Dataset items
--------------------------------------------------

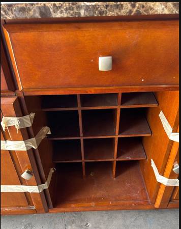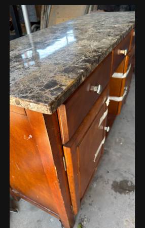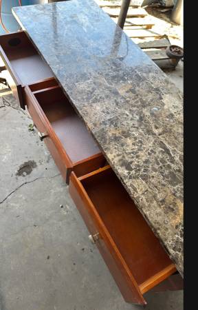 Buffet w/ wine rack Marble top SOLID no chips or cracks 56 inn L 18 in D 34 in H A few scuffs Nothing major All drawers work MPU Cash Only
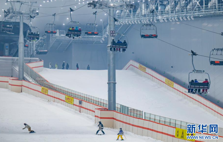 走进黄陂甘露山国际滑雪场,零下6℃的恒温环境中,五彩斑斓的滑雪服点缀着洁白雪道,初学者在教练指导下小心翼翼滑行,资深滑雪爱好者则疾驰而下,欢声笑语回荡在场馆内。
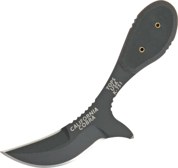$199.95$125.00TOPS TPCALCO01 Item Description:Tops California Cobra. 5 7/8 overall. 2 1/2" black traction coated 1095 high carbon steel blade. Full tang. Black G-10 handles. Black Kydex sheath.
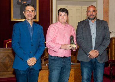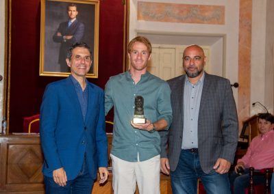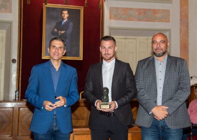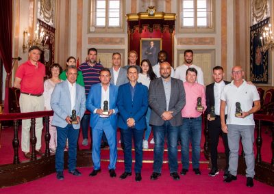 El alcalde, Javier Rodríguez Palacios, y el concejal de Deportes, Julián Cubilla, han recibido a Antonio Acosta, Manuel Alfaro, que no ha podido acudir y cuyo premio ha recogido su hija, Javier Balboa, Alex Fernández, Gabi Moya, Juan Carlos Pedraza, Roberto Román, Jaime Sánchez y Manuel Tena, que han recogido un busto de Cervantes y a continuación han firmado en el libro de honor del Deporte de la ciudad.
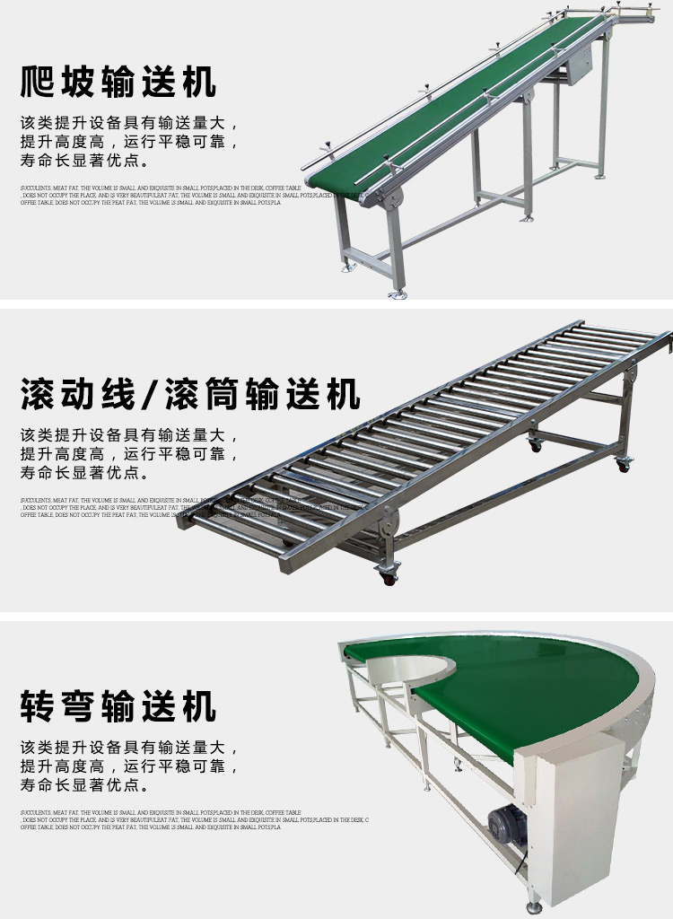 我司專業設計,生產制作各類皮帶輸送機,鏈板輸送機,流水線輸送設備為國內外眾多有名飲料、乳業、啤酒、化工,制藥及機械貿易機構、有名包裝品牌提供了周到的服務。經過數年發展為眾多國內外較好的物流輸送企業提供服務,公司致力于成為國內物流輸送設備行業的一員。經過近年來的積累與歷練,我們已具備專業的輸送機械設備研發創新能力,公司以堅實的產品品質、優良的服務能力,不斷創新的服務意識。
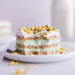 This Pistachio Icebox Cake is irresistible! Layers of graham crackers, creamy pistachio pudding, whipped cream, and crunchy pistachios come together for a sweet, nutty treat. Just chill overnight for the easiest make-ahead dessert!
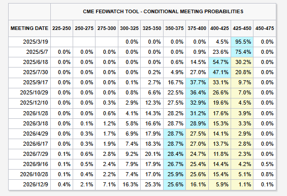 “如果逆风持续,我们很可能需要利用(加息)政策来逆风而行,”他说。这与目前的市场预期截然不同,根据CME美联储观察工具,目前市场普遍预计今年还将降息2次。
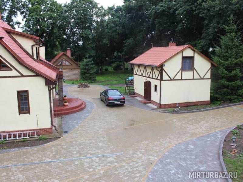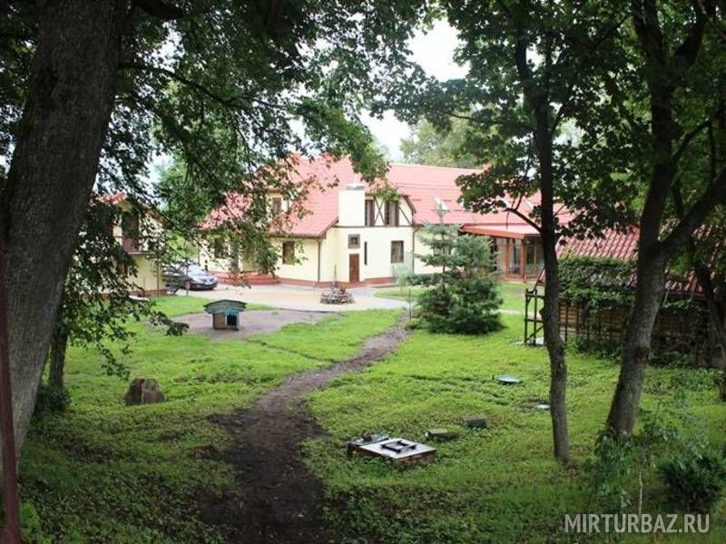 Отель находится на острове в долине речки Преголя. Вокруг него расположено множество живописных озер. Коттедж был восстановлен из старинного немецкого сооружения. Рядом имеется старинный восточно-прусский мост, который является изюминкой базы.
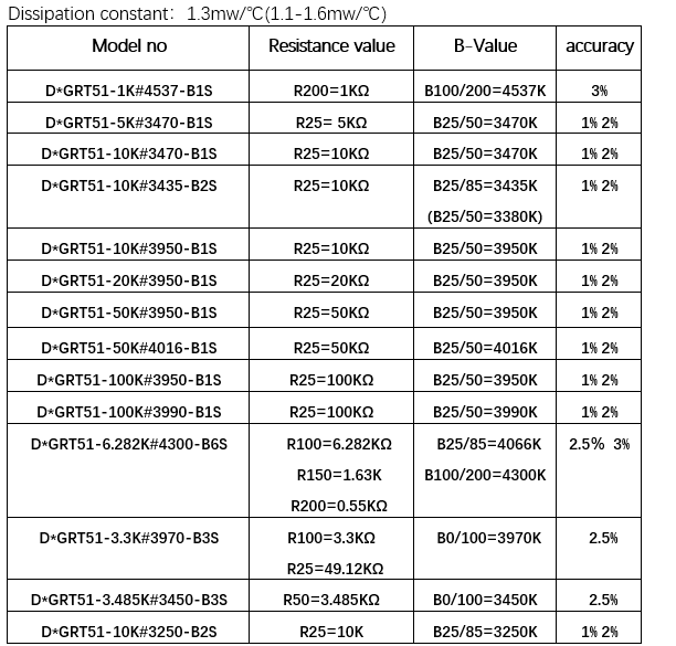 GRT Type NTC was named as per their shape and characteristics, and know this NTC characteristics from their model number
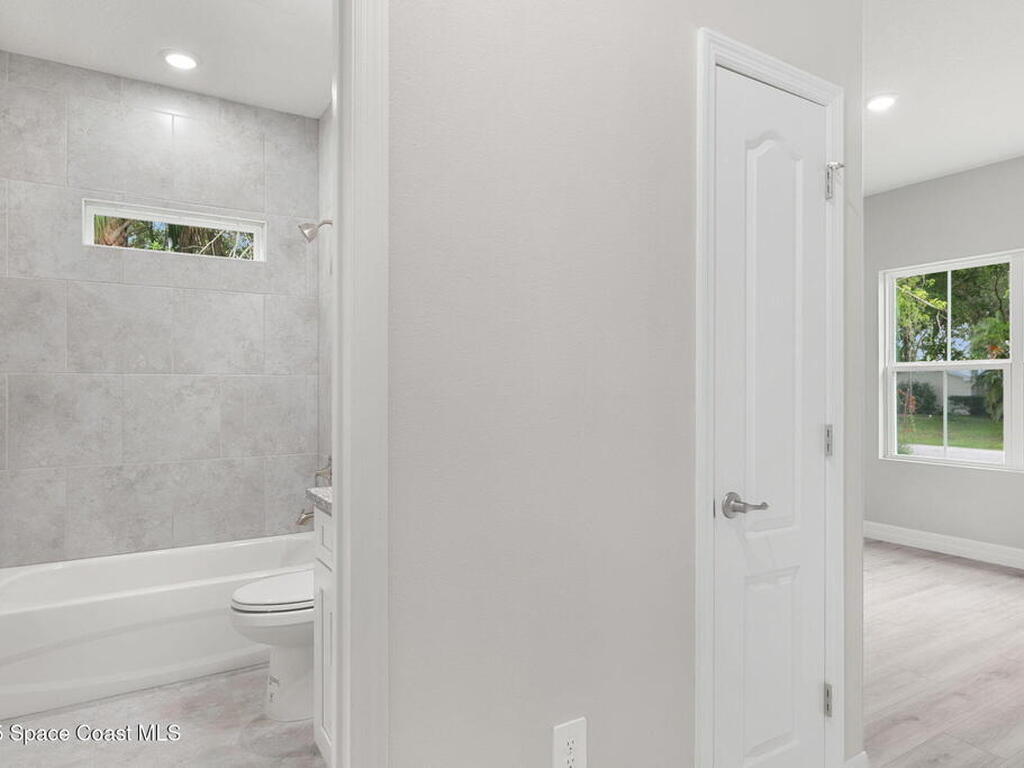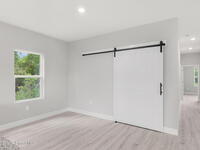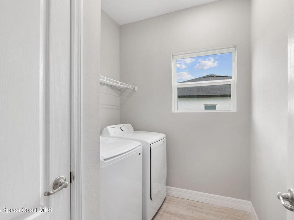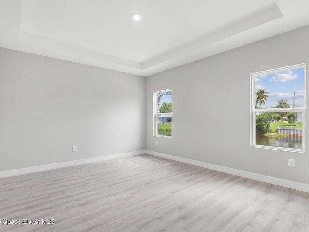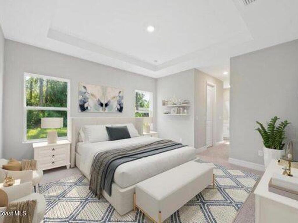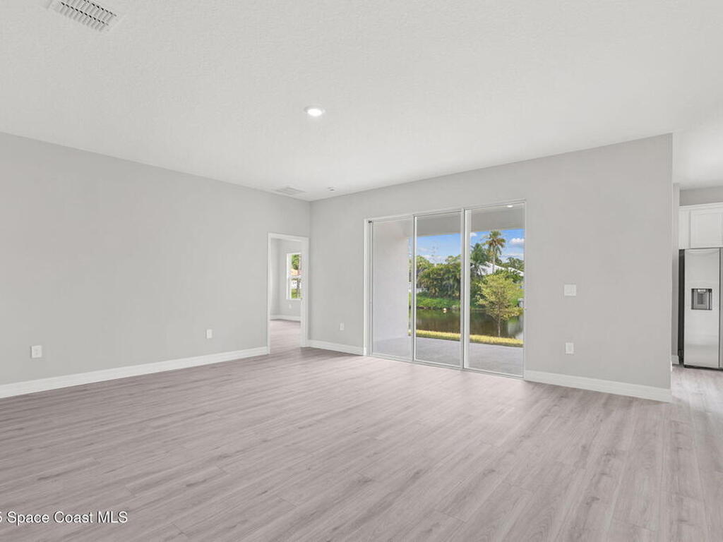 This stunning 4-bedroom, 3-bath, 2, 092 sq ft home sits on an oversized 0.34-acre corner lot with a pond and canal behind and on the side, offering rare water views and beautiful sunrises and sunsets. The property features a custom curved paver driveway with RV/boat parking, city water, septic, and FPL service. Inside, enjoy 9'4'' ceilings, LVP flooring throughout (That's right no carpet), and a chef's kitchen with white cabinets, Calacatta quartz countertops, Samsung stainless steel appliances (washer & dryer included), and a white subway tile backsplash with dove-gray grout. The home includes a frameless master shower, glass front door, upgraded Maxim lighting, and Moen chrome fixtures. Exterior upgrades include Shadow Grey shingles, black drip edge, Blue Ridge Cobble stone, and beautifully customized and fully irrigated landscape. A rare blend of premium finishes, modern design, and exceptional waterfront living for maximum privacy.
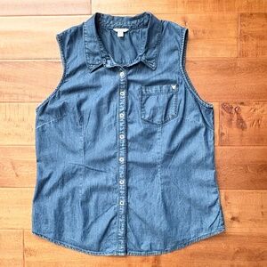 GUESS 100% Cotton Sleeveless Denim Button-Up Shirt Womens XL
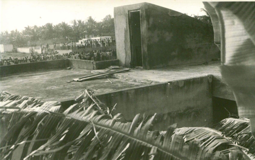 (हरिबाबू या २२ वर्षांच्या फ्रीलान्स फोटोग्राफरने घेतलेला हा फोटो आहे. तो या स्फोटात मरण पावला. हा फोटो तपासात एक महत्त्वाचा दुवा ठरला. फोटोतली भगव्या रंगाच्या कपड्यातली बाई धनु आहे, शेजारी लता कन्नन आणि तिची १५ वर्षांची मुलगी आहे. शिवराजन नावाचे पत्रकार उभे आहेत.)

--------------------------------------------------

AIM OF THE TASK:
The data above should be set down again exactly, with the pictures omitted.

ANSWER TO THE PROBLEM:
 Buffet w/ wine rack Marble top SOLID no chips or cracks 56 inn L 18 in D 34 in H A few scuffs Nothing major All drawers work MPU Cash Only
 走进黄陂甘露山国际滑雪场,零下6℃的恒温环境中,五彩斑斓的滑雪服点缀着洁白雪道,初学者在教练指导下小心翼翼滑行,资深滑雪爱好者则疾驰而下,欢声笑语回荡在场馆内。
$199.95$125.00TOPS TPCALCO01 Item Description:Tops California Cobra. 5 7/8 overall. 2 1/2" black traction coated 1095 high carbon steel blade. Full tang. Black G-10 handles. Black Kydex sheath.
 El alcalde, Javier Rodríguez Palacios, y el concejal de Deportes, Julián Cubilla, han recibido a Antonio Acosta, Manuel Alfaro, que no ha podido acudir y cuyo premio ha recogido su hija, Javier Balboa, Alex Fernández, Gabi Moya, Juan Carlos Pedraza, Roberto Román, Jaime Sánchez y Manuel Tena, que han recogido un busto de Cervantes y a continuación han firmado en el libro de honor del Deporte de la ciudad.
 我司專業設計,生產制作各類皮帶輸送機,鏈板輸送機,流水線輸送設備為國內外眾多有名飲料、乳業、啤酒、化工,制藥及機械貿易機構、有名包裝品牌提供了周到的服務。經過數年發展為眾多國內外較好的物流輸送企業提供服務,公司致力于成為國內物流輸送設備行業的一員。經過近年來的積累與歷練,我們已具備專業的輸送機械設備研發創新能力,公司以堅實的產品品質、優良的服務能力,不斷創新的服務意識。
 This Pistachio Icebox Cake is irresistible! Layers of graham crackers, creamy pistachio pudding, whipped cream, and crunchy pistachios come together for a sweet, nutty treat. Just chill overnight for the easiest make-ahead dessert!
 “如果逆风持续,我们很可能需要利用(加息)政策来逆风而行,”他说。这与目前的市场预期截然不同,根据CME美联储观察工具,目前市场普遍预计今年还将降息2次。
 Отель находится на острове в долине речки Преголя. Вокруг него расположено множество живописных озер. Коттедж был восстановлен из старинного немецкого сооружения. Рядом имеется старинный восточно-прусский мост, который является изюминкой базы.
 GRT Type NTC was named as per their shape and characteristics, and know this NTC characteristics from their model number
 This stunning 4-bedroom, 3-bath, 2, 092 sq ft home sits on an oversized 0.34-acre corner lot with a pond and canal behind and on the side, offering rare water views and beautiful sunrises and sunsets. The property features a custom curved paver driveway with RV/boat parking, city water, septic, and FPL service. Inside, enjoy 9'4'' ceilings, LVP flooring throughout (That's right no carpet), and a chef's kitchen with white cabinets, Calacatta quartz countertops, Samsung stainless steel appliances (washer & dryer included), and a white subway tile backsplash with dove-gray grout. The home includes a frameless master shower, glass front door, upgraded Maxim lighting, and Moen chrome fixtures. Exterior upgrades include Shadow Grey shingles, black drip edge, Blue Ridge Cobble stone, and beautifully customized and fully irrigated landscape. A rare blend of premium finishes, modern design, and exceptional waterfront living for maximum privacy.
 GUESS 100% Cotton Sleeveless Denim Button-Up Shirt Womens XL
 (हरिबाबू या २२ वर्षांच्या फ्रीलान्स फोटोग्राफरने घेतलेला हा फोटो आहे. तो या स्फोटात मरण पावला. हा फोटो तपासात एक महत्त्वाचा दुवा ठरला. फोटोतली भगव्या रंगाच्या कपड्यातली बाई धनु आहे, शेजारी लता कन्नन आणि तिची १५ वर्षांची मुलगी आहे. शिवराजन नावाचे पत्रकार उभे आहेत.)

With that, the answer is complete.